■ DATA BLOCK:
..........

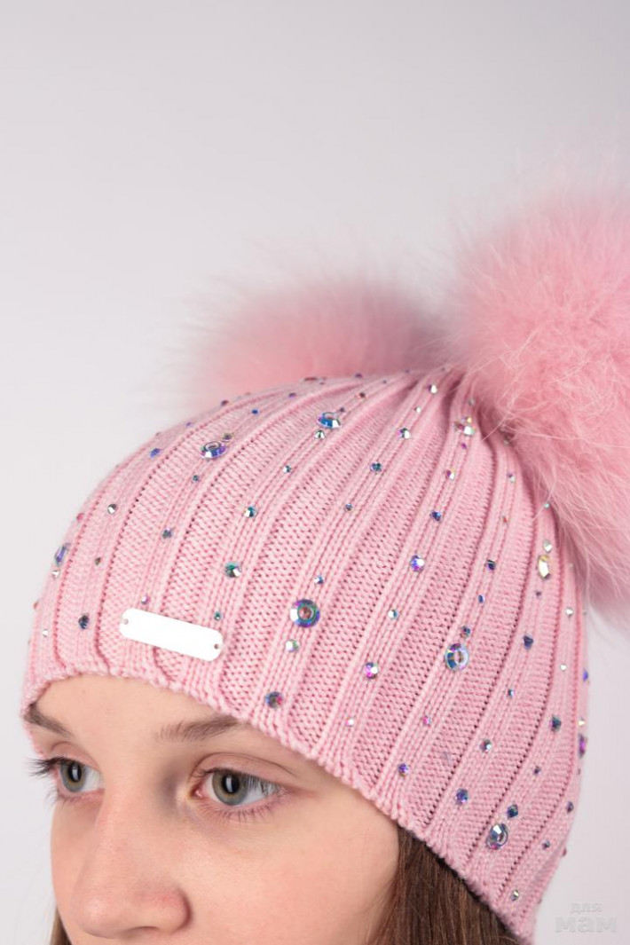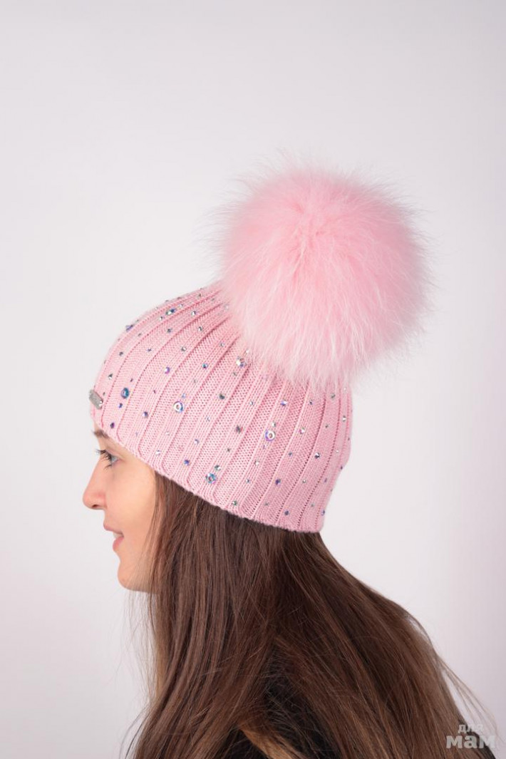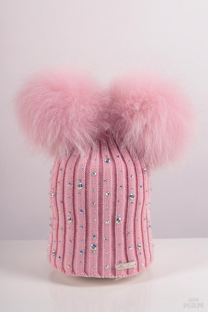 Модная шапка MiaLana от VIPShopping с двумя помпонами и стразами из 100% ИТАЛЬЯНСКОГО МЕРИНОСА нежного розового цвета.
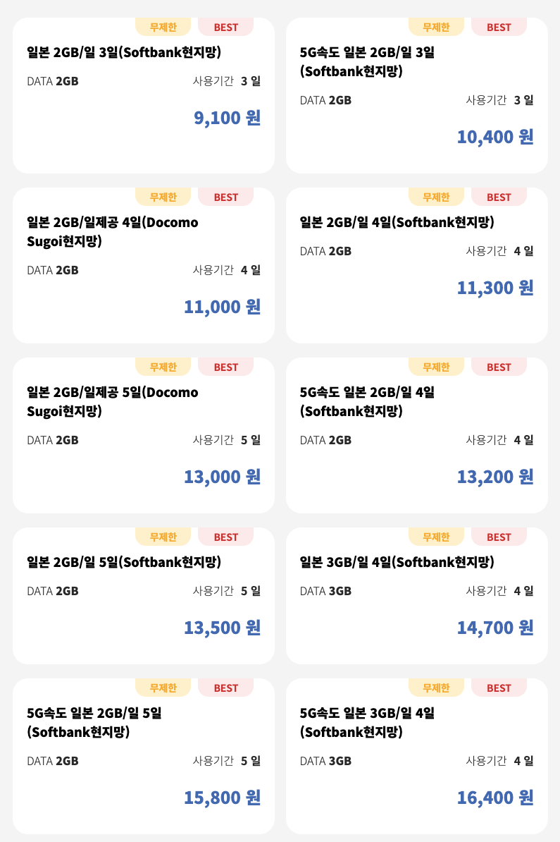 이심 홈페이지에서는 인기 국가인 일본, 대만, 베트남, 싱가포르, 미국 등 국가별 사용기간 및 데이터 용량에 따라 여러 개의 상품을 판매하고 있습니다.
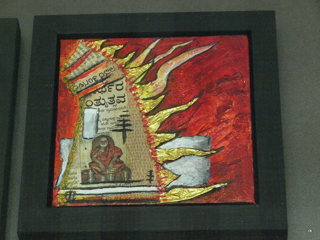 Zum Beispiel die Bilder in der Vitrine. Sie entstanden nach einer Fahrradtour durch Südindien. Farbpigmente, Erden und div. Fundstücke aus Indien sind hier verarbeitet. Oder die kleinen Wurzelfiguren, die nach einer Fahrradreise durch Uganda entstanden. Ebenfalls mit Fundstücken und farbigen Erden aus Uganda. Aus dem Suppentopf dieser Welt würde sie gern mit vielen Kellen auf einmal schöpfen wollen, wenn sie es könnte.
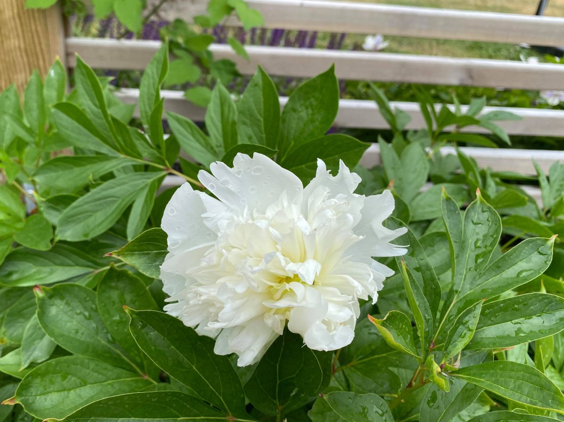 Jag är så glad att jag i alla fall har fått en pionblomma på den buske jag planterade förra våren. Förra året blev det 0 blommor så den procentuella ökningen är enorm. Det går inte ens att räkna ut.

..........

■ WHAT YOU HAVE TO DO: Without the pictures, write out the whole listing exactly as it appears.

■ EXERCISE RESPONSE:
 Модная шапка MiaLana от VIPShopping с двумя помпонами и стразами из 100% ИТАЛЬЯНСКОГО МЕРИНОСА нежного розового цвета.
 이심 홈페이지에서는 인기 국가인 일본, 대만, 베트남, 싱가포르, 미국 등 국가별 사용기간 및 데이터 용량에 따라 여러 개의 상품을 판매하고 있습니다.
 Zum Beispiel die Bilder in der Vitrine. Sie entstanden nach einer Fahrradtour durch Südindien. Farbpigmente, Erden und div. Fundstücke aus Indien sind hier verarbeitet. Oder die kleinen Wurzelfiguren, die nach einer Fahrradreise durch Uganda entstanden. Ebenfalls mit Fundstücken und farbigen Erden aus Uganda. Aus dem Suppentopf dieser Welt würde sie gern mit vielen Kellen auf einmal schöpfen wollen, wenn sie es könnte.
 Jag är så glad att jag i alla fall har fått en pionblomma på den buske jag planterade förra våren. Förra året blev det 0 blommor så den procentuella ökningen är enorm. Det går inte ens att räkna ut.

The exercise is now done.